-- Given data --
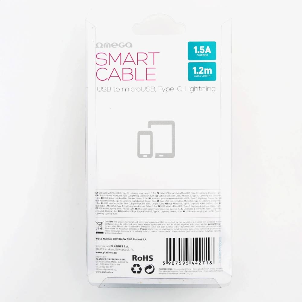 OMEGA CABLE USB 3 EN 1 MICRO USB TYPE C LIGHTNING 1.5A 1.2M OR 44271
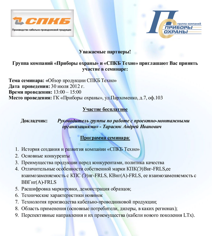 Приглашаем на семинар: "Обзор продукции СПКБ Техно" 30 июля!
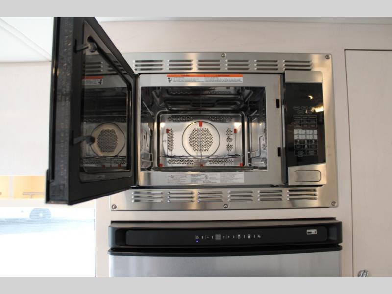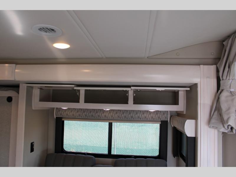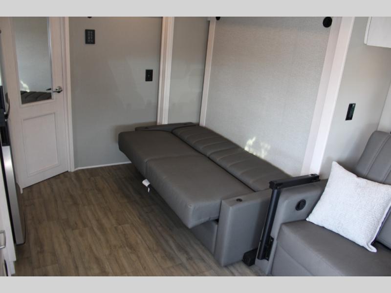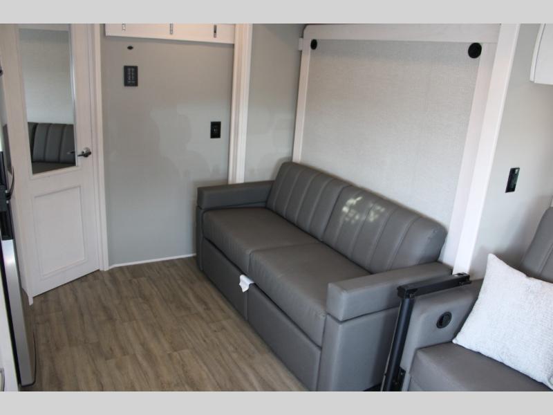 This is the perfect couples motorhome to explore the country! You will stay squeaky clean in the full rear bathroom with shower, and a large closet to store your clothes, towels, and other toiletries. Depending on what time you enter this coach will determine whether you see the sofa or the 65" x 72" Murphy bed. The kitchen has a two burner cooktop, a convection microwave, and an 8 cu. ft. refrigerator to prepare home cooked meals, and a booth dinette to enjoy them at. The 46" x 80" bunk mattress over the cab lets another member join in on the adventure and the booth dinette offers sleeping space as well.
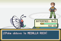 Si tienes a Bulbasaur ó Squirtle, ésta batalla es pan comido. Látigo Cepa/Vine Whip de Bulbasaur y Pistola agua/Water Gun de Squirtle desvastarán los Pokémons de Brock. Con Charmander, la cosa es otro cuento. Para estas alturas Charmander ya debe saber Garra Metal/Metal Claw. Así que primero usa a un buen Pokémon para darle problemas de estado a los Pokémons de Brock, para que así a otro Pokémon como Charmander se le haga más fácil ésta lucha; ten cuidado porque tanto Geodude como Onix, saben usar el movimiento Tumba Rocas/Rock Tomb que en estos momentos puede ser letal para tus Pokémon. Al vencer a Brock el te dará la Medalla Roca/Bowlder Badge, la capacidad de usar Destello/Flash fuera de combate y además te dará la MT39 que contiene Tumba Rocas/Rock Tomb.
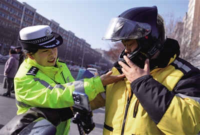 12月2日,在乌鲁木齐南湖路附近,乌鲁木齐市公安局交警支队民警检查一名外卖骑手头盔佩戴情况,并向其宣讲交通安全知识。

-- Your goal --
Each line of the listing above should be retyped exactly, with no pictures.

-- Task output --
 OMEGA CABLE USB 3 EN 1 MICRO USB TYPE C LIGHTNING 1.5A 1.2M OR 44271
 Приглашаем на семинар: "Обзор продукции СПКБ Техно" 30 июля!
 This is the perfect couples motorhome to explore the country! You will stay squeaky clean in the full rear bathroom with shower, and a large closet to store your clothes, towels, and other toiletries. Depending on what time you enter this coach will determine whether you see the sofa or the 65" x 72" Murphy bed. The kitchen has a two burner cooktop, a convection microwave, and an 8 cu. ft. refrigerator to prepare home cooked meals, and a booth dinette to enjoy them at. The 46" x 80" bunk mattress over the cab lets another member join in on the adventure and the booth dinette offers sleeping space as well.
 Si tienes a Bulbasaur ó Squirtle, ésta batalla es pan comido. Látigo Cepa/Vine Whip de Bulbasaur y Pistola agua/Water Gun de Squirtle desvastarán los Pokémons de Brock. Con Charmander, la cosa es otro cuento. Para estas alturas Charmander ya debe saber Garra Metal/Metal Claw. Así que primero usa a un buen Pokémon para darle problemas de estado a los Pokémons de Brock, para que así a otro Pokémon como Charmander se le haga más fácil ésta lucha; ten cuidado porque tanto Geodude como Onix, saben usar el movimiento Tumba Rocas/Rock Tomb que en estos momentos puede ser letal para tus Pokémon. Al vencer a Brock el te dará la Medalla Roca/Bowlder Badge, la capacidad de usar Destello/Flash fuera de combate y además te dará la MT39 que contiene Tumba Rocas/Rock Tomb.
 12月2日,在乌鲁木齐南湖路附近,乌鲁木齐市公安局交警支队民警检查一名外卖骑手头盔佩戴情况,并向其宣讲交通安全知识。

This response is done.